On Jota’s ninth goal of the season and the impact Jordan Henderson had in the second half…
I liked the first half as well. Of course, they had a bit more offensive situations because we had to adapt, we had to learn actually in the game. When you analyse Brighton, Brighton play football against each team, has a playing build-up against each team. Against us they obviously shoot the balls long, that’s OK. That was a little difference. Then, with Connolly up front they played pretty early balls in behind. How I said, this last line played now the first time together so they needed to adapt. After 20, 25 minutes we did that, we controlled that. The Connolly chance was a big one, all the other situations Ali sorted. So, I liked the first half as well. And, of course, when you have Hendo on the pitch that always helps, absolutely. We scored a goal and couldn’t score the second one. OK, scored a lot more goals but they were disallowed and couldn’t score a second one which would have been allowed.

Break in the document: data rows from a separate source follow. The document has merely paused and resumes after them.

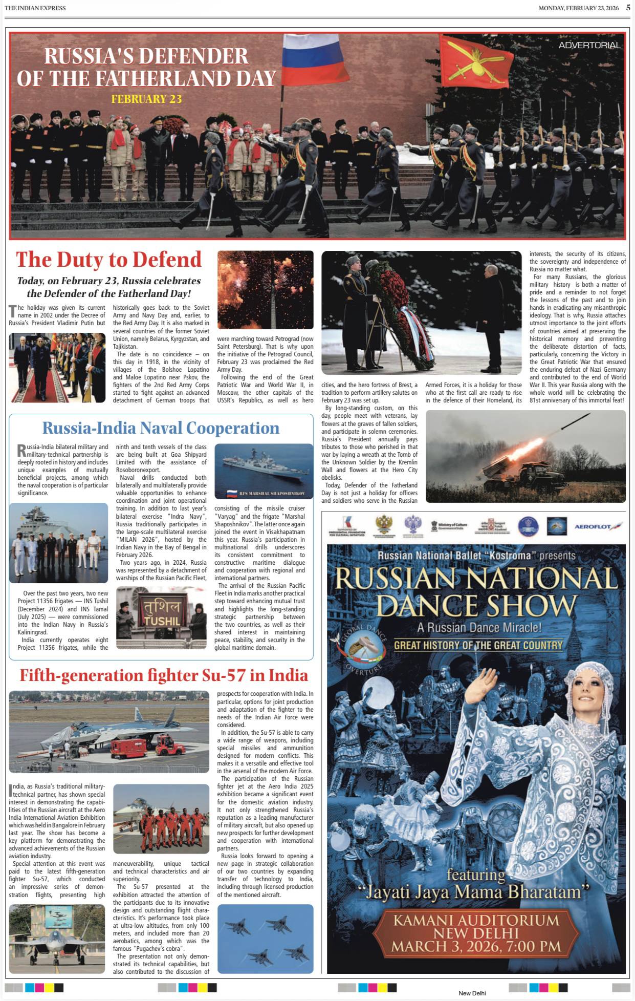 Сегодня, 23 февраля в индийских газетах "Индиан Экспресс"и "Файненшл Экспресс" вышла полоса, посвященная Дню защитника Отечества!
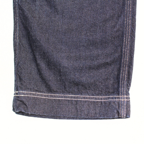 縫製は2本針の綿糸仕上げ、裾の処理は三つ折りで二本のステッチ仕様です。
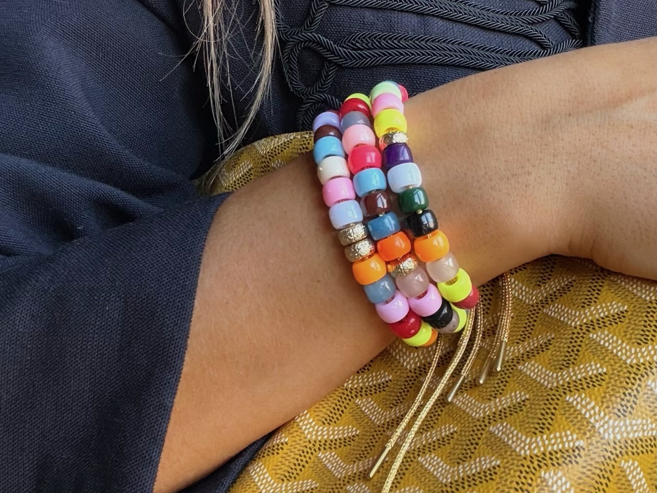 Our signature pony-bead bracelet. Hand-strung on strong stretch cord so it slips on easily and wears all day.
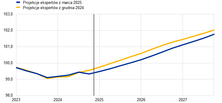 Inflacja HICP ogółem w ostatnich miesiącach wzrosła, ale według projekcji nieznacznie osłabi się w 2025, po czym spadnie i od pierwszego kwartału 2026 będzie oscylować wokół celu inflacyjnego EBC wynoszącego 2,0%. Oczekuje się, że na początku horyzontu projekcji dodatni efekt bazy w składowej „energia” i wyższa inflacja cen żywności zasadniczo zneutralizują spadkowe oddziaływanie obniżenia się inflacji HICP z wyłączeniem cen energii i żywności (HICPX). Wzrost cen surowców energetycznych, który nastąpił na przełomie roku, znajdzie odzwierciedlenie w rocznej dynamice cen energii w 2025. Choć zakłada się, że ceny ropy i gazu będą spadać zgodnie z przebiegiem cen terminowych, to w całym horyzoncie projekcji inflacja cen energii prawdopodobnie nadal będzie mieć wartości dodatnie, ale niższe od średniej historycznej. Według przewidywań do wzrostu inflacji cen energii w 2027 przyczyni się wprowadzenie nowych środków na rzecz łagodzenia zmiany klimatu. Inflacja cen żywności według projekcji będzie rosnąć do połowy 2025, głównie pod wpływem niedawnych znacznych wzrostów cen surowców żywnościowych, po czym obniży się do średnio 2,2% w 2027. Oczekuje się, że inflacja HICPX zacznie spadać na początku 2025, w miarę zanikania wpływu opóźnionych zmian cen, ustępowania presji płacowej i dalszego przekładania się na ceny konsumpcyjne oddziaływania wcześniejszego zacieśnienia polityki pieniężnej. Do tego obniżenia się inflacji HICPX według przewidywań przyczyni się głównie spadek inflacji cen usług, która dotąd była stosunkowo uporczywa. W sumie inflacja HICPX ma obniżyć się z 2,2% w 2025 do 1,9% w 2027. Dynamika płac powinna dalej spadać z obecnego, nadal podwyższonego poziomu w miarę ustępowania presji związanej z kompensacją inflacji. Oczekuje się, że to – w połączeniu z przewidywaną poprawą dynamiki produktywności – doprowadzi do znacznie wolniejszego wzrostu jednostkowych kosztów pracy. W rezultacie wewnętrzna presja cenowa powinna nadal się zmniejszać, a marże zysku rosnąć w horyzoncie projekcji. Oczekuje się, że zewnętrzna presja cenowa, odzwierciedlona w cenach importu, pozostanie umiarkowana, przy założeniu, że unijna polityka dotycząca ceł handlowych się nie zmieni. W porównaniu z projekcjami z grudnia 2024 perspektywy inflacji HICP ogółem na 2025 zrewidowano w górę o 0,2 pkt proc., ze względu na zakładane wyższe ceny surowców energetycznych i deprecjację euro, natomiast na 2027 – zrewidowano nieznacznie w dół z powodu nieco słabszych perspektyw dla składowej „energia” na koniec horyzontu projekcji.
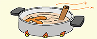 水が入った鍋にミカンの皮とシナモン・スティックを入れて弱火で10分ほど煮ると、家の中の気になるニオイがなくなる。オレンジやレモンの皮でもOKだ。
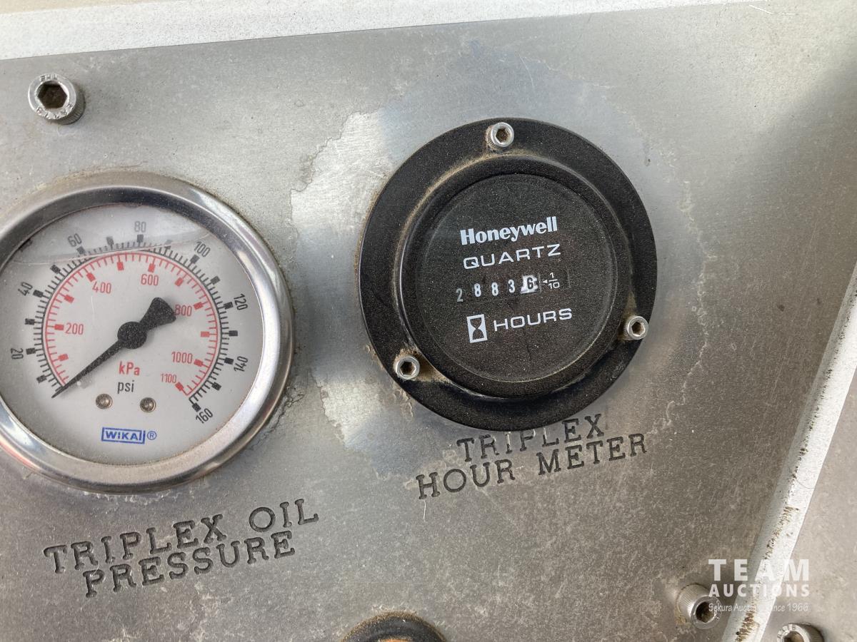 Detroit DD16, 15.6 L, 600 HP, diesel, engine brake, Allison 4700 OFS automatic transmission, triple differential lock, cross lock, Meritor MFS20133A 20000 lb front, Meritor RZ166RSRS 69000 lb rears, 4.89 ratio, 364 WB, double frame, airliner air ride suspension, TCB rig up, 2014 Hamm 10720 litre 3 compartment TC412/406 Tank, 2013 Fabmaster burner, operator station w/controls & gauges, Panasonic CF-53 computer, Weir SPM TWS600S 3.5 inch 10000 PSI triplex pump, Mission 4X3 centrifugal pump, 3 inch T&E pump, hose reel, aluminum wheels, 36 inch sleeper, 445/65R22.5 F, 11R24.5 R
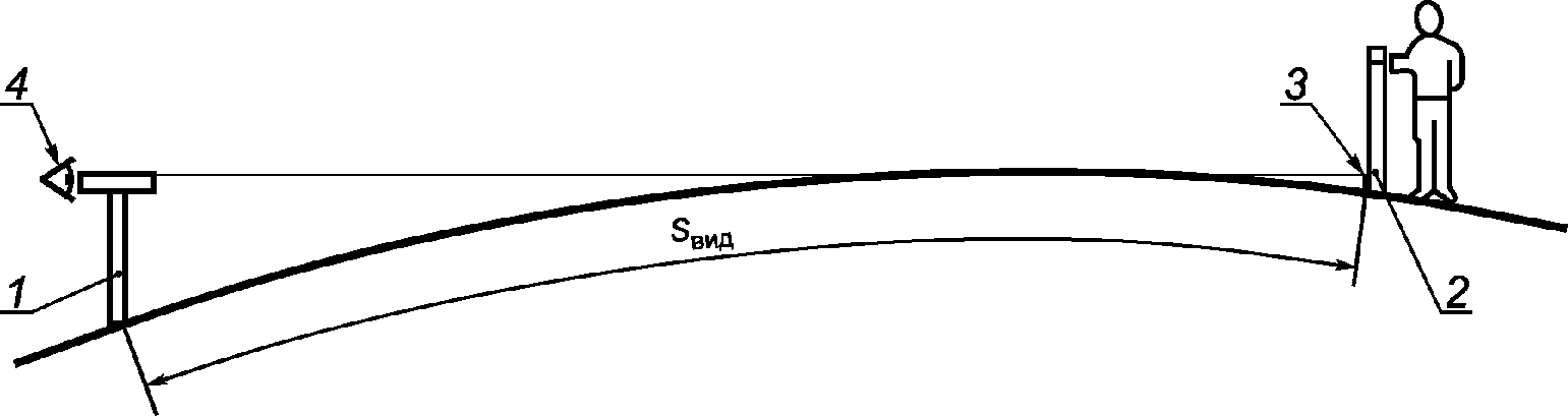 рисунке 2 и в соответствии с 7.2.1, в точке, соответствующей границе видимости объекта наблюдателем. Точки установки вешек в створе отмечают на дорожном покрытии хорошо видимыми метками, например, краской или мелом и подписывают цифрами с указанием номера створа.
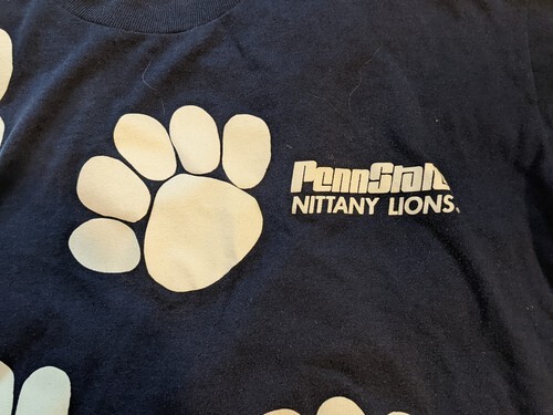 A vendre est un t-shirt vintage Penn State Nittany Lions Paw Print Blue 50 50 USA 2 faces Large.
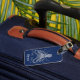 Marque à bagages bleu foncé avec des graphiques d'une pieuvre blanche, sur l'avant et texte blanc personnalisé, sur l'avant et l'arrière.
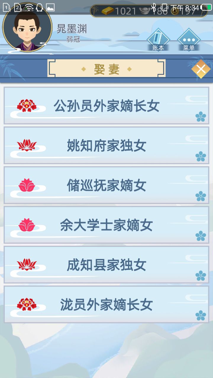 用这幅图举例,确定两个娶妻标准。一、娶嫡长女和独女相比同大都等级的妻子属性更高,嫁妆更多,大概以下排序(按嫁妆、平均属性计算)①嫡长女②独女③嫡女④庶女⑤私生子二、娶职位更高的人的女儿,和上面同理,嫁妆、平均属性更高①、大学士②(其他所有职业最高级别)但是(划重点)你不一定娶得到大学士的嫡女,娶到的时候多半年龄三十几了,建议在解元的时候娶二、②➕一、①或者一、②
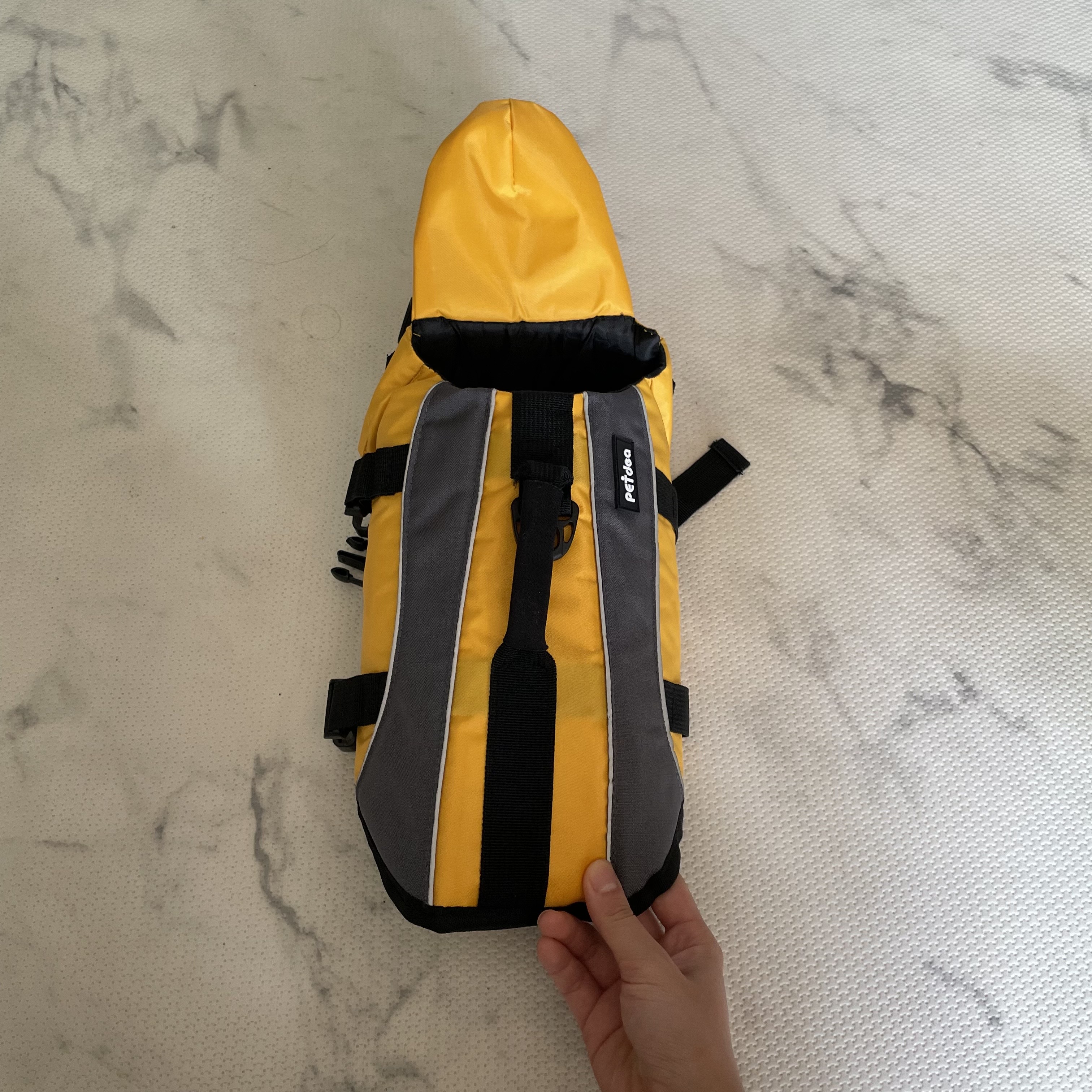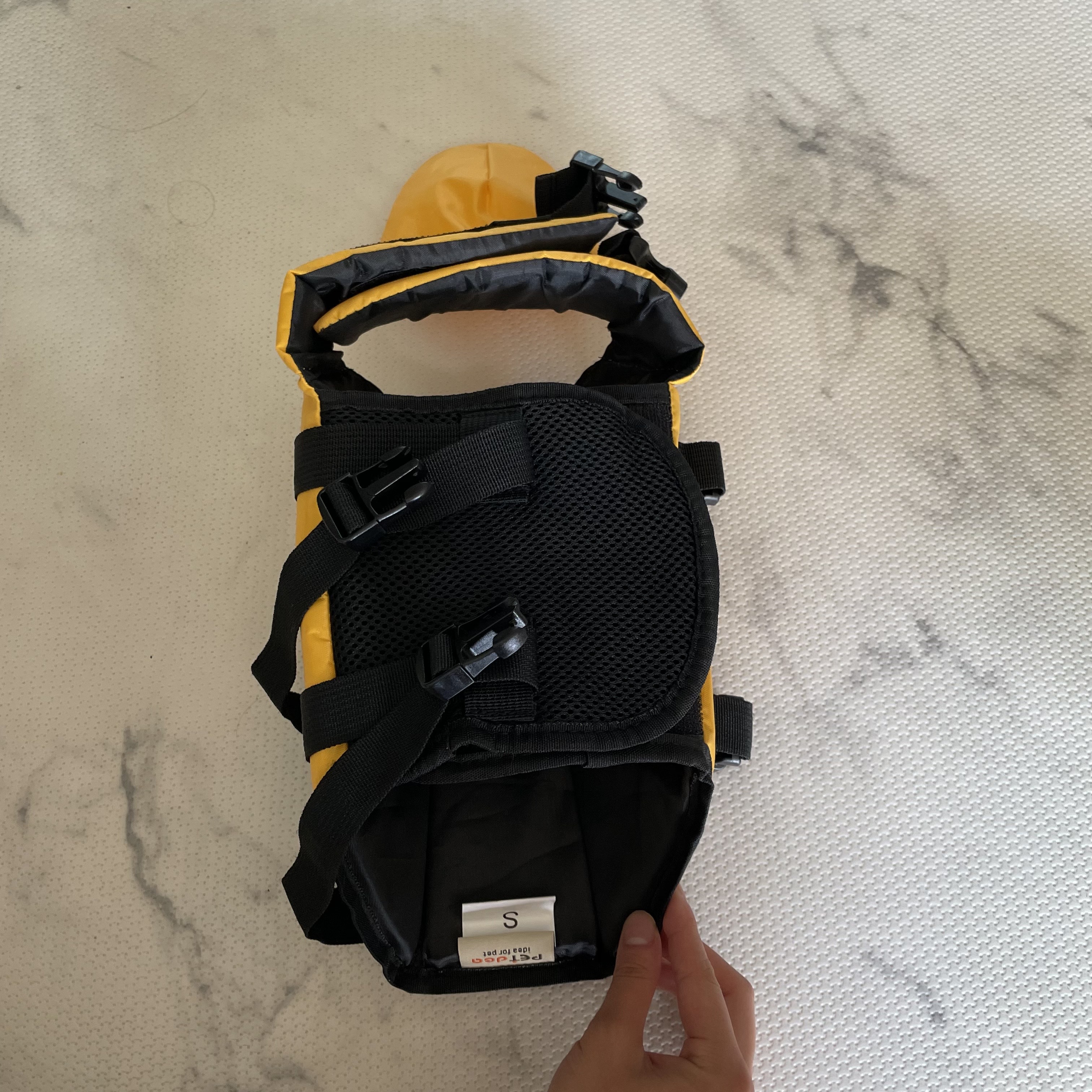 저희 여름이 털 색과 어울리는 노란색 구명조끼로 구매를 했어요

Then the penalty came, that’s how it is.
On whether Thiago Alcantara or Alex Oxlade-Chamberlain could return against Ajax or Wolverhampton Wanderers…
I don’t want to tell Ajax and Wolves too much, but I don’t think so.
On the five substitutes rule…
Look, if it would be about me then I would have never mentioned it, but it’s about the players and each moment when it would happen, it would be good for the players. Brighton lost two players with muscle injuries and they play one game a week. The most difficult time is coming up now. For Sheffield United as well, by the way. We will see. I can explain it one last time: in this period we are now in, five subs is not for tactical changes. And if ever one coach has the luck to use it for tactical changes, that would be the exception. Today we made an early sub at half-time, then we made a second sub and then we thought really if we are brave and [will] make the third sub. If you are not brave, you have to wait with the third sub until the 90th minute pretty much because until then when they show up five more minutes, for example, you can say, ‘OK, if we change now then probably nothing will happen, or we are only three or four minutes with 10 men.’ If we would have had five subs today then Andy Robertson I would have taken off, 100 per cent; I had Kostas Tsimikas on the bench, so he can play 15/20 minutes. So, we don’t have a lot of options in the moment – we have, but they’re all offensive – so you can just bring them all through the season. It’s not the solution, but it’s a little help. That’s all. Whatever Chris Wilder says, I don’t speak only about Liverpool – he speaks only about Sheffield United, that’s true. He admitted that in the managers’ meeting, but I speak about football players.